- By James Hassan
Several doctors from the UK are facing criminal charges for carrying out consensual but illegal cosmetic genital surgery in the capital
The women who has “Designer Vagina” cosmetic procedures were all consenting adults who had paid for the surgery in the belief that it would make them more attractive to the opposite sex.
Scotland Yard however are now carrying out a criminal investigation after being alerted to the cases and deciding that several doctors’ actions involved a potential breach of legislation which outlaws female genital surgery, describing it instead as mutilation.
Files on two surgeons from London have now formally been submitted to the Crown Prosecution Service for charging decisions. A file has also been sent to prosecutors on a third doctor from Cheshire.
Last year saw the first prosecution under the new laws against female genital cosmetic surgery, the case did not result in a conviction.
The CPS are publicly hoping that this will see the first convictions, cementing their controversial decision to outlaw the practice.
The police investigators have also commented that they are trying to use these new cases to spark public and legislative debate about cosmetic genital surgery in general.
Female genital cosmetic surgery often includes labia reduction or vaginal tightening. The current new legislation outlaws most but not all such surgeries under the umbrella crime of Female Genital Mutilation. The new laws sparked legal debate as to whether or not the UK will also outlaw male surgeries such as circumcision.
Musician and pro choice for genital cosmetics figure, Sinitta, publically revealed her plans to have “Vaginoplasty” surgery in an online video broadcast.
The singer, 53, has already published footage of a friend having a “designer vagina” operation online via the site, Periscope.
Such procedures, which critics say are wrongfully promoted as enhancing sexual pleasures and attractiveness, are carried out widely at clinics in London’s infamous Harley Street as well as nation and world wide.
The Home Office however two years ago warned that the operations may be illegal unless there was a medical or psychological reason for them.

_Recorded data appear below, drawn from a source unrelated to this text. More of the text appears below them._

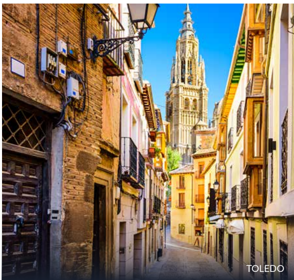
► POMNIK CERVANTESA TOLEDO
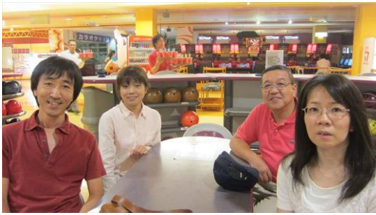
第 7 レーン : 7K4IJ、ゆくみ、JG1HJV、JG1HJV-XYL
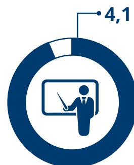
Valutazione docenti Scala valore da 1 a 5

Leggi qui i feedback completi della prima edizione
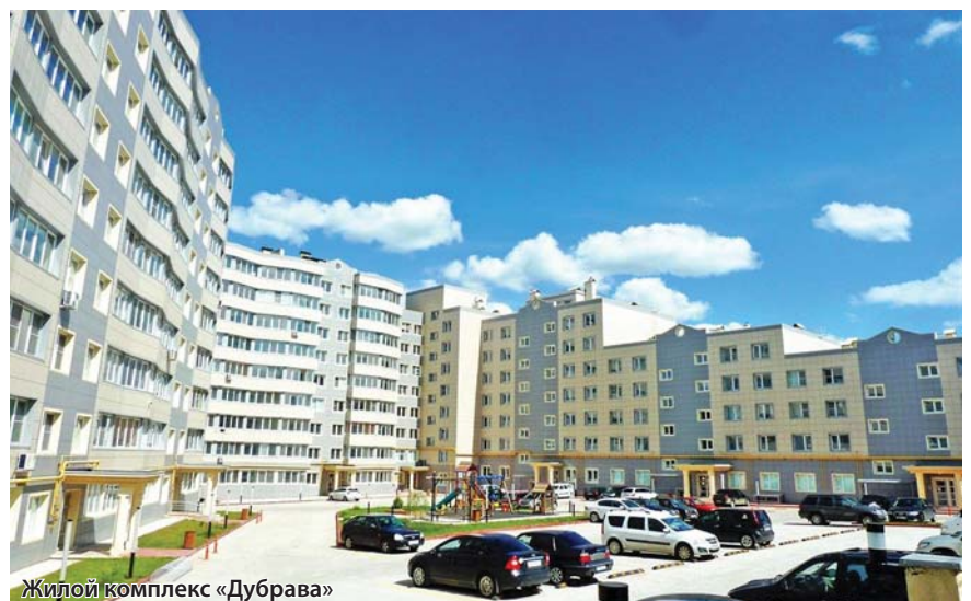
Жилой комплекс «Дубрава»

Не только жилфонд требует капремонта, не секрет, что велика

The Home Office interference, which does not outlaw medical procedures such as facial tattooing, horn implants, tongue forking and other facial scaring or transformative surgeries, has prompted renewed attention and focus on the issue from police and the CPS. This new attention has directly resulted in the criminal investigation of the three doctors in a move many see as political rather than just.
The police have told the press that in their opinion the evidence against the doctors is great enough to secure charges and a conviction, stating that they are confident the CPS will press full criminal charges against all three doctors.
The CPS are now deciding whether or not it is in the public interest to spend the large amounts of tax money on there prosecutions.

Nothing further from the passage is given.